Stored records
- - -

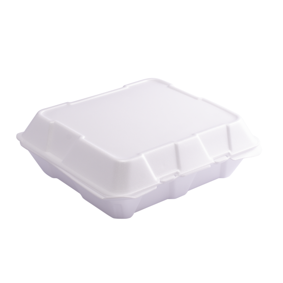 Lancheira produzida em poliestireno expandido (EPS) da marca Spumapac, com tamanho 26x23x8,5cm e modelo LCH-03, contendo 100 unidades por embarque.
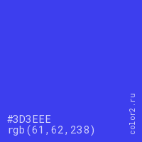 Цвет #3D3EEE в цветовой модели RGB обозначается тремя октетами (61, 62, 238) в десятичном формате и #3D3EEE в шестнадцатиричном (hex) формате, которые являются интенсивностью красного 61 (hex 3D), интенсивность зелёного 62 (hex 3E) и интенсивность синего 238 (hex EE).
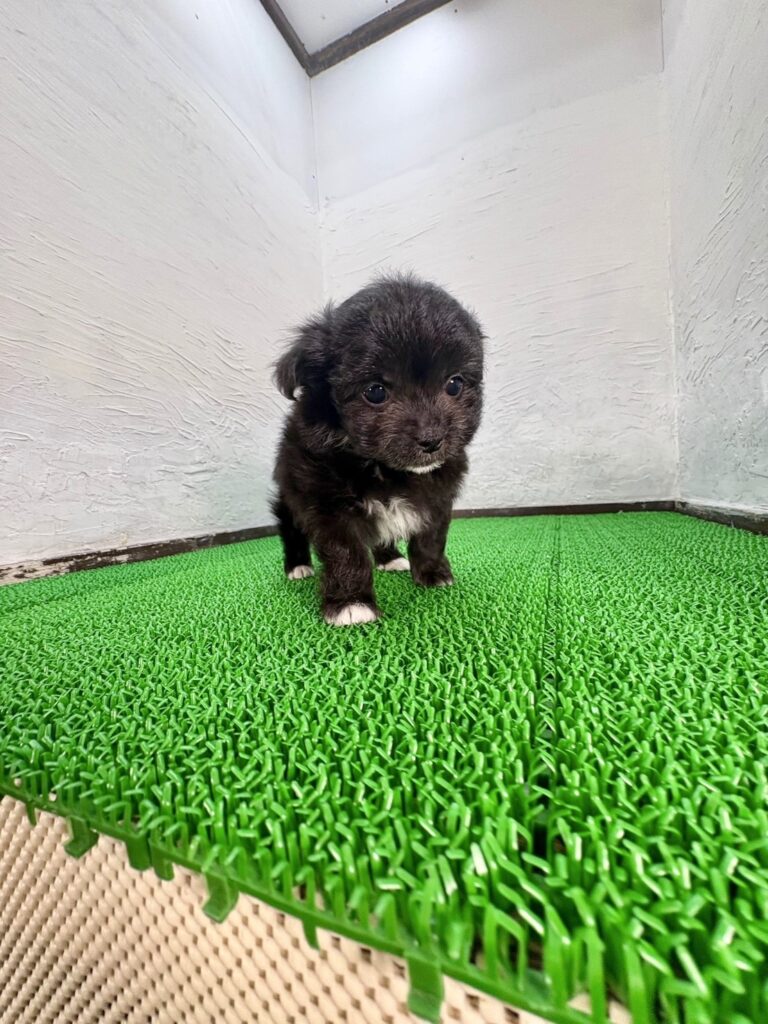 千葉・東京・関東エリアで子犬販売を行うマルプリティより、愛らしさと個性をあわせ持つミックス犬「マルチワ」の男の子をご紹介します。毛色は印象的なブラック&ホワイトで、はっきりとしたカラーコントラストとつぶらな瞳がとてもかわいい子犬です。ミックス犬ならではの表情豊かな魅力があり、見ているだけで自然と心が和みます。
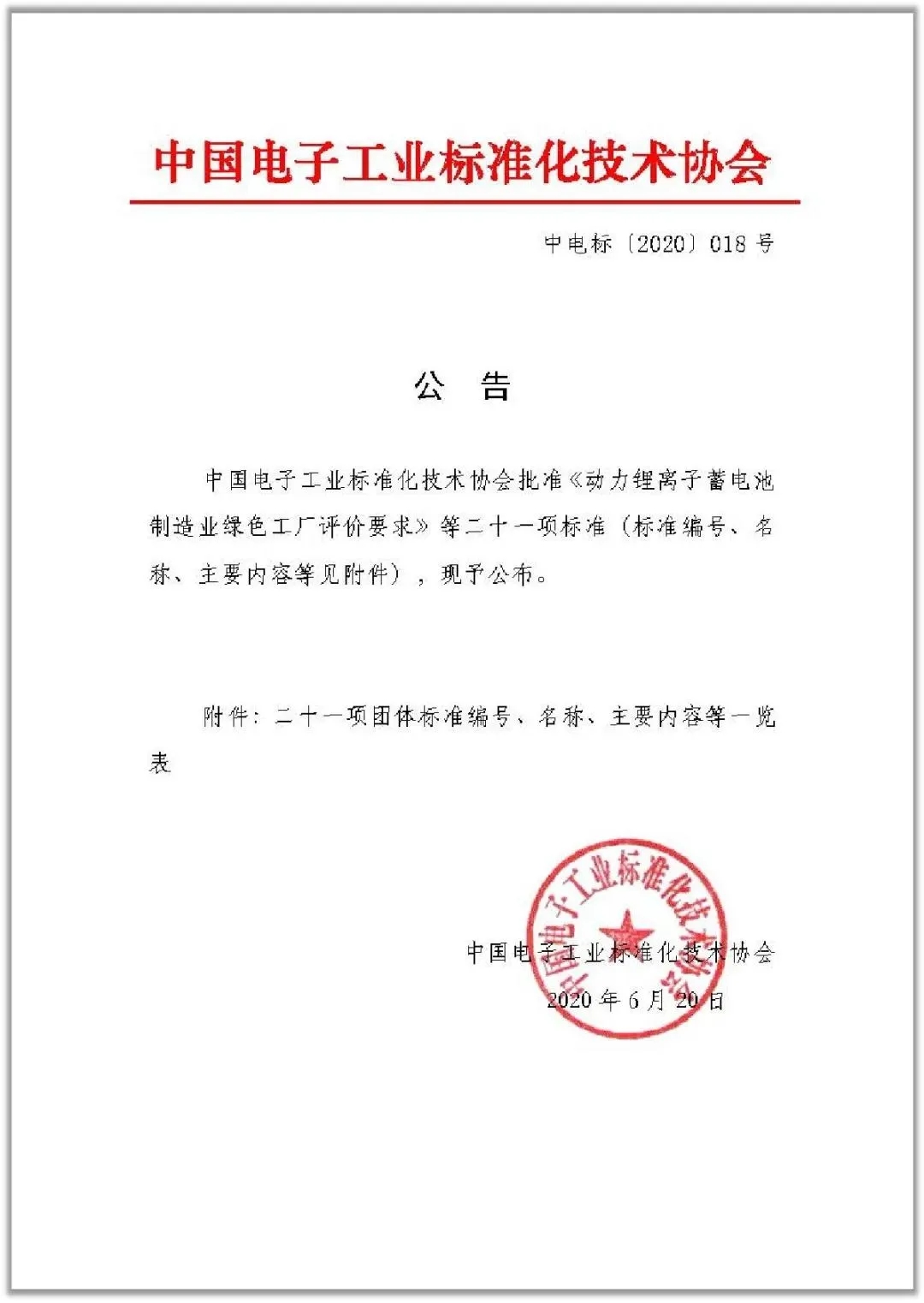 近日,中國電子工業(yè)標準化技術(shù)協(xié)會批準《動力鋰離子蓄電池制造業(yè)綠色工廠評價要求》等二十一項標準,本標準由中國電子技術(shù)標準化研究院、全國綠色工廠推進聯(lián)盟提出。
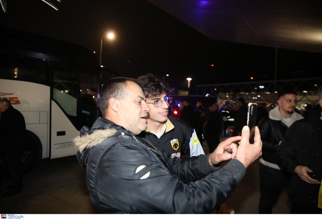 Με την πρόκριση στις βαλίτσες της η ΑΕΚ πήρε τον δρόμο της επιστροφής για την Αθήνα. Στο αεροδρόμιο της Θεσσαλονίκης την ομάδα υποδέχθηκαν φίλοι της ομάδας. Μοίρασαν συγχαρητήρια για την πρόκριση επί του ΠΑΟΚ κι έβγαλαν φωτογραφίες με τους παίκτες. Φυσικά το κλίμα ήταν ενθουσιώδες.
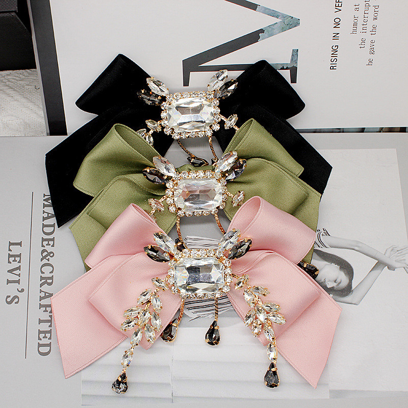 Элегантная черная заколка-бантик в стиле колледж с кристаллами, аксессуар для волос в стиле Лолита, корейский милый стиль

- - -

■ GOAL OF THE EXERCISE
Output the span from the line with "Με την πρόκριση" through the last line of the data, inclusive and exact, and omit every picture.

■ REPLY
 Με την πρόκριση στις βαλίτσες της η ΑΕΚ πήρε τον δρόμο της επιστροφής για την Αθήνα. Στο αεροδρόμιο της Θεσσαλονίκης την ομάδα υποδέχθηκαν φίλοι της ομάδας. Μοίρασαν συγχαρητήρια για την πρόκριση επί του ΠΑΟΚ κι έβγαλαν φωτογραφίες με τους παίκτες. Φυσικά το κλίμα ήταν ενθουσιώδες.
 Элегантная черная заколка-бантик в стиле колледж с кристаллами, аксессуар для волос в стиле Лолита, корейский милый стиль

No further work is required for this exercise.